I want just basic table extraction, the web page has the next page button but I need to scroll for every page. Any idea how to do it?
Hi,
If we can click next button by Simulate or ChromiumAPI, it’s no problem even if the target exists outside screen (if it’s loaded) . Can you try this?
Regards,
Hello @Ali_Sir_Aydemir - Is the webpage accessible to the public? Wanted to check the nature of the table as some tables like https://datatables.net/ may not have all the data in the DOM (i.e. rows not visible get removed from the DOM as you scroll past them). Wanted to make sure this is not the issue you’re experiencing.
Thanks!
https://www.medifind.com/conditions/chronic-fatigue-syndrome/1135/doctors? You can check the website. Thank you
Thank you and It didn’t work. What I thought was a great idea is Do while(Scroll until Next Page Element is Visible then click next) but I got trouble setting the workflow.
You don’t have to scroll for Table Extraction to work.
please share with us the selector which you had configured for the next button. Use the </>
button from the editor for sharing it. Thanks
<webctrl aaname='Next' parentid='mf-root' tag='SPAN' type='' class='Button_label__4FHaL Button_normal__4rQXo' />
test with:
<webctrl aaname='Next' tag='SPAN' />
It works but just for 2 visible elements, there are more than 2 so, it kind of doesn’t work for me.
Works fine for the first page but didn’t click for the next page on the second page. (with simulate)
Tell us with which search criterias you had tested, so we can try to replicate it
Do you mean which data I am trying to scrape from that website? You can just try for Doctor Name.
we asked for to have the same scenario as you are testing. When using any other criteria we do have looked at a different set.
However, the next button is working. The problem is, that the Extract Data is more slow and grabs not a page complete. Therefore we do have less rows.
You can try if the out-of-the-box settings allows you to better sync.
Otherwise, you can remodel your approach and take more care about sync and extraction. Paging can be done with url trick as just the page number has to be increased
till you will get:
It got all 20 from the first page with no issues for me. I didn’t manually change anything. Just a few clicks in the Table Extraction wizard.
There does seem to be an issue where it doesn’t get the data from page 2, however, and I think that’s because the page doesn’t reload when you click Next - it just refreshes the list portion.
I will create a CSV file and open each link and try to scrape it. Thank you so much.
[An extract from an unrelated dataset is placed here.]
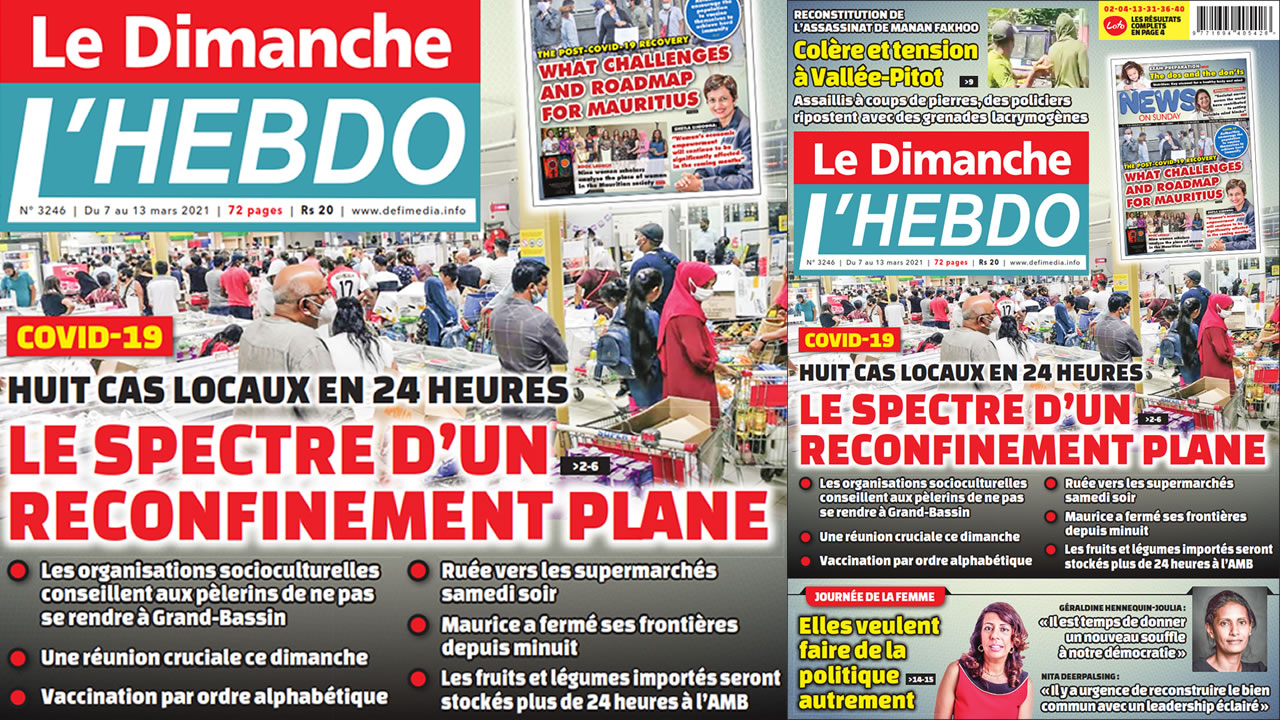 ? Voici la Une de Le Dimanche/L'Hebdo. Le journal est en vente à Rs 20 l'exemplaire aux endroits habituels (supermarchés, boutiques, tabagies, superettes). Bonne lecture !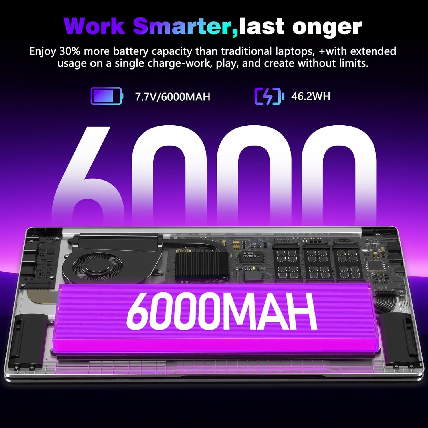 【Slim Metal Shell】Weighing only 1.6kg and a thickness of just 19mm, the slim CHIFUYOU metal shell combines impact resistance with durability for easy carrying. Its built-in high-capacity 6000mAh/46.2Wh battery offers extended battery life, while the plug-and-play design allows you to take full advantage of your performance, whether you’re working in the office, studying or enjoying mobile entertainment. The 180° flat tilt hinge makes it easy to exchange contents without interruption.

What i did when i had the same scenario are couple of simple solutions:
Send keyboard shortcut End inside the Use Browser activity, which scrolls to the bottom of the page which loads all the the neccessary data.
Also, for some other cases i also found it useful to use Inject JS Script activity and check if the page is loaded with a function, return 1 or 0 depending on whether the page is loaded or not before starting to scrape in a while loop until it loads.
I hope this helps
The issue is that the page doesn’t reload when Next is clicked, which I think is preventing the extract activity from realizing a new page of data is available. So you’ll have to do something like this where you just have Extract do one page, merge it into a final datatable, then check if next exists and click it…
So, I create a script to generate links, then I opened every page and scroll down to the end of the page and wait 3 seconds and extract data. There were multiple columns name for every page and NBSP, for that:
import pandas as pd
# Read the CSV file into a DataFrame
df = pd.read_csv('doctor_info.csv')
# Remove unwanted characters from the 'Adress_Line_1' and 'Adress_Line_2' columns
df['Adress_Line_1'] = df['Adress_Line_1'].str.replace('\xa0', '')
df['Adress_Line_2'] = df['Adress_Line_2'].str.replace('\xa0', '')
values_to_remove = ['Name', 'Url', 'Adress_Line_1', 'Adress_Line_2']
df = df[~df.isin(values_to_remove)].dropna()
# Save the modified DataFrame to a new CSV file
df.to_csv('filtered_doctor_info.csv', index=False)
edit: thank you!
Totally agree with your solution but what works for me is to save all HTML pages and deal in Python :D. But for this scenario, I did something similar. Thank you!